## Task goal
Exact reproduction is required for the lines below starting at the line with "Vestido largo de" and ending at the line with "Invitation Stunning pastel", both included. No other lines, and no pictures.

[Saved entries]
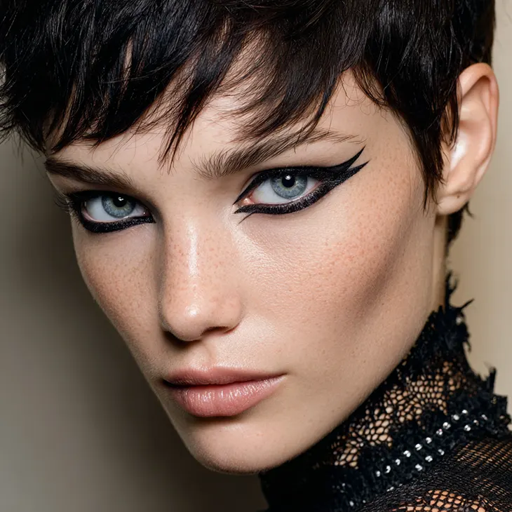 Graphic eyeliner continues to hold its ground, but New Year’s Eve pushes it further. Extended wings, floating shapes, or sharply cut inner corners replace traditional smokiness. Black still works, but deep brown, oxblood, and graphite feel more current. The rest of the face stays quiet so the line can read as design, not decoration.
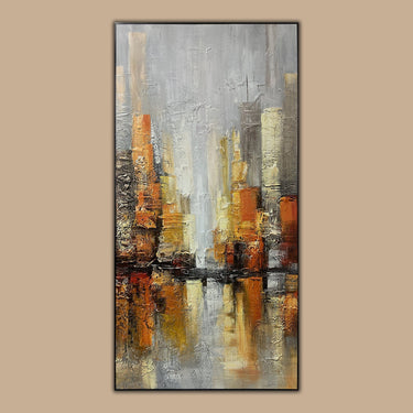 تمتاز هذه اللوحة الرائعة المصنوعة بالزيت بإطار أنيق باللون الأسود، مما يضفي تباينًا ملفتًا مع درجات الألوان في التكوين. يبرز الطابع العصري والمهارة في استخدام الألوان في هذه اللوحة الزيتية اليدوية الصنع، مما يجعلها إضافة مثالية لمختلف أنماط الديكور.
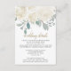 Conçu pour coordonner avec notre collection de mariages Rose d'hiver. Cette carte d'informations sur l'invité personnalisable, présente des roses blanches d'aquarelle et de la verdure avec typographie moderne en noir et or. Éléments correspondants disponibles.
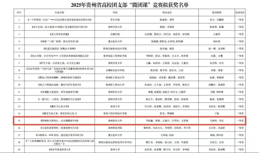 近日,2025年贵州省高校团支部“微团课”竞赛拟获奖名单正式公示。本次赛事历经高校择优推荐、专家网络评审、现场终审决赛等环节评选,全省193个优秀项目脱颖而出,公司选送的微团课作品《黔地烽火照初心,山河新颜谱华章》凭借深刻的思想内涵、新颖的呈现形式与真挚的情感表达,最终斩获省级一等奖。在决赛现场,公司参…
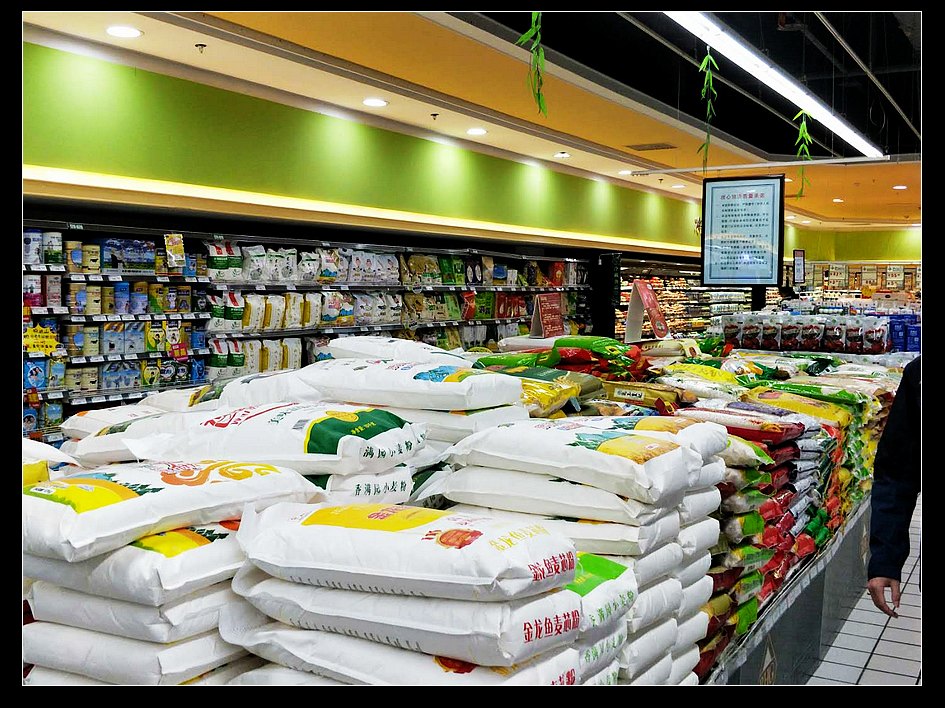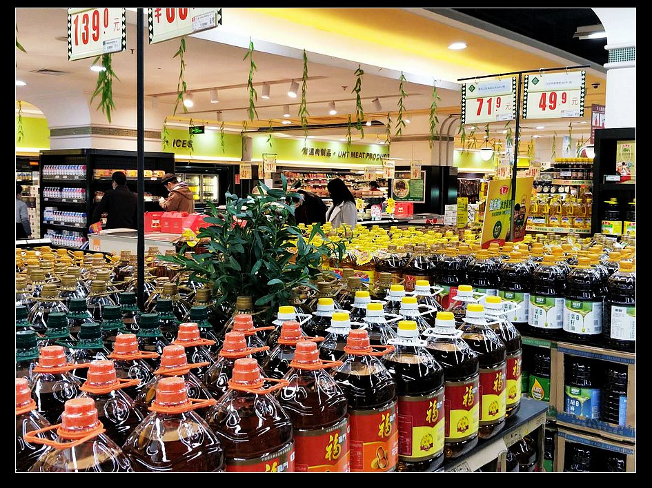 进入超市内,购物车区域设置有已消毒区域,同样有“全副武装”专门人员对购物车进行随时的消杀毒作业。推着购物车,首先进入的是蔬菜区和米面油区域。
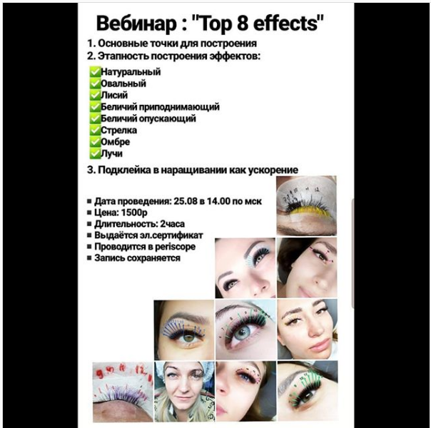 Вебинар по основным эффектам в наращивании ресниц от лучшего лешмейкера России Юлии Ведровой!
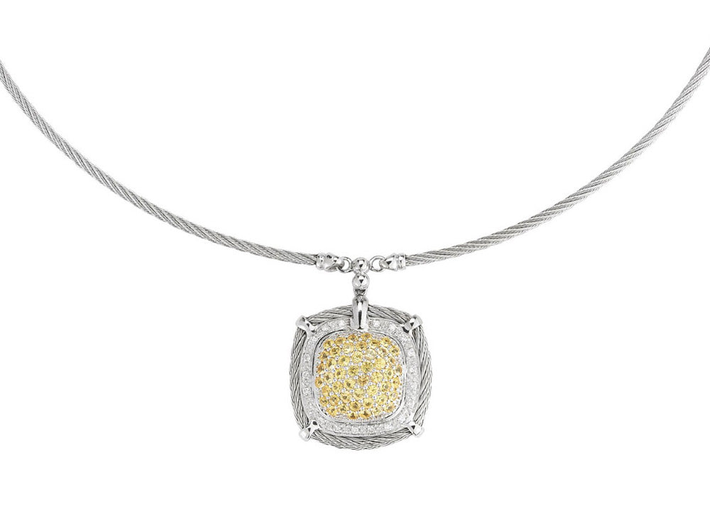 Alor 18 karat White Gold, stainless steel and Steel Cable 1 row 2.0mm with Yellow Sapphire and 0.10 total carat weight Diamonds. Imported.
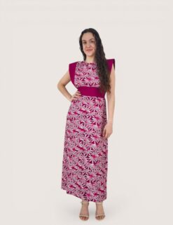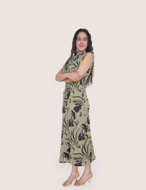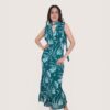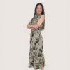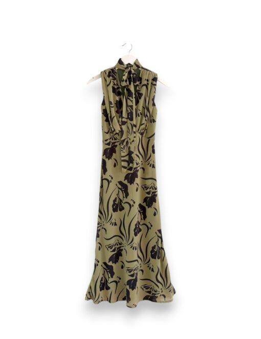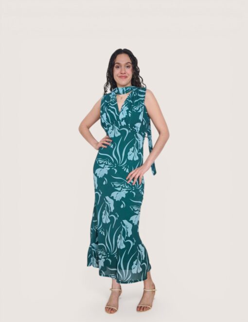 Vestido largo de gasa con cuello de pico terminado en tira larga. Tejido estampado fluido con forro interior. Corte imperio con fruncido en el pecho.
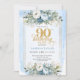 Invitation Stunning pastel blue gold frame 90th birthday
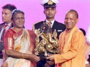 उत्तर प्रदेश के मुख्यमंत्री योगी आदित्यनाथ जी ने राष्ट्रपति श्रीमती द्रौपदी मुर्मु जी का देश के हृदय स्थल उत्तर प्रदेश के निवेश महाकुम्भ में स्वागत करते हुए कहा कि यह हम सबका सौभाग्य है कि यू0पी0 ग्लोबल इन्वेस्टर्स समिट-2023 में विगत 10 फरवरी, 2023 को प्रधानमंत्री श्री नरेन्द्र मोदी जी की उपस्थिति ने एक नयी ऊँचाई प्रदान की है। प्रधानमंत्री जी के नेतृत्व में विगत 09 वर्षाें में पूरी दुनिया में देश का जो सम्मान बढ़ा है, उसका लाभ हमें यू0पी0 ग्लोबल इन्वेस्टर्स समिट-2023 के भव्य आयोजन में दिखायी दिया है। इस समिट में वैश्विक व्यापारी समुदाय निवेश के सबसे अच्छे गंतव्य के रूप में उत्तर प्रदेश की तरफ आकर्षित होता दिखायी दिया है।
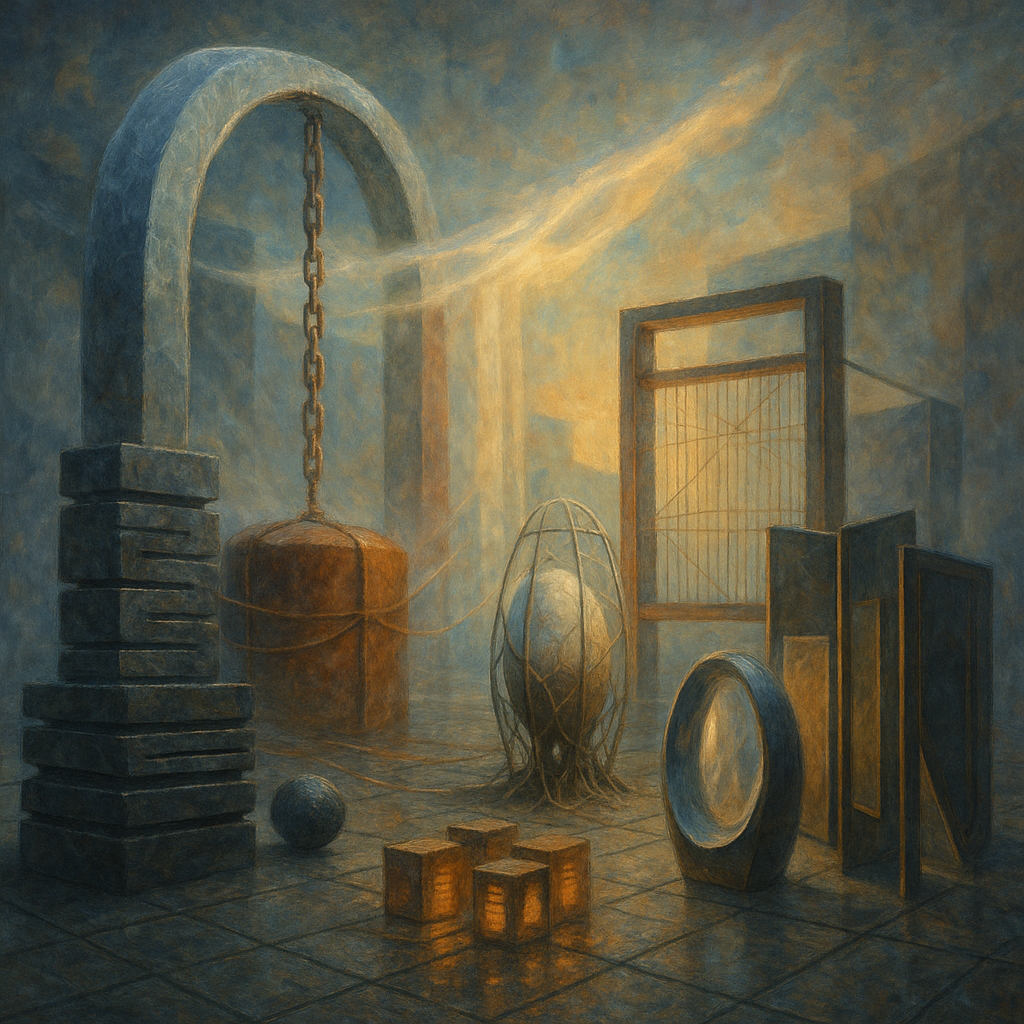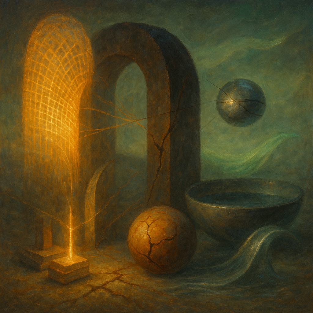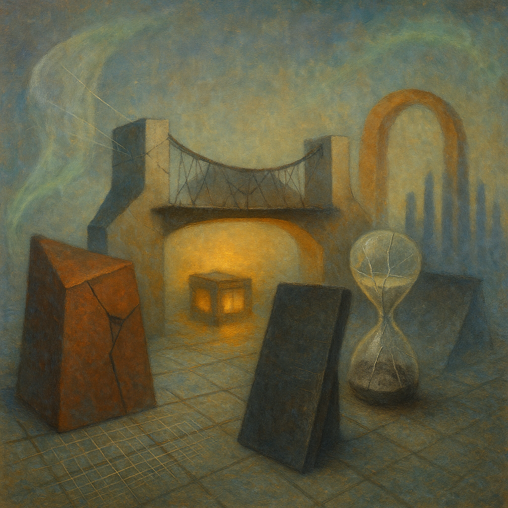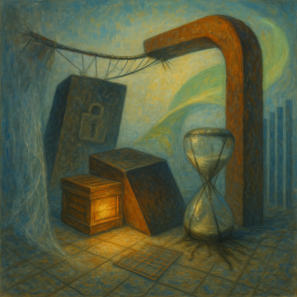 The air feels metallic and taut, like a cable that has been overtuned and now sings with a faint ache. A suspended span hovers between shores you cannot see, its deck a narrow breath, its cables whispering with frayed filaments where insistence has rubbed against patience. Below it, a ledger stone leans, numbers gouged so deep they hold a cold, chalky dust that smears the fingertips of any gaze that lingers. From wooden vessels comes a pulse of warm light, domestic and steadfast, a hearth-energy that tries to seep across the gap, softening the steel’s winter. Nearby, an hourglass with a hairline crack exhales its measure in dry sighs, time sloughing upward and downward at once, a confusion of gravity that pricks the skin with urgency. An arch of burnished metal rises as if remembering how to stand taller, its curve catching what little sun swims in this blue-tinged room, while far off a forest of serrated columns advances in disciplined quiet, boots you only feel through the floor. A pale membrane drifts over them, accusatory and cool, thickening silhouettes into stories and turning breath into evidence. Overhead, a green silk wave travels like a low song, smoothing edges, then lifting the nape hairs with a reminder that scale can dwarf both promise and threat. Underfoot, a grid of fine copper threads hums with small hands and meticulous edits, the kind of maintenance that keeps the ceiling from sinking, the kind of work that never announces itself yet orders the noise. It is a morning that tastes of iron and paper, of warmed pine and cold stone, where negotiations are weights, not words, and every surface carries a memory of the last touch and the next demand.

## Problem solution
 Vestido largo de gasa con cuello de pico terminado en tira larga. Tejido estampado fluido con forro interior. Corte imperio con fruncido en el pecho.
 Invitation Stunning pastel blue gold frame 90th birthday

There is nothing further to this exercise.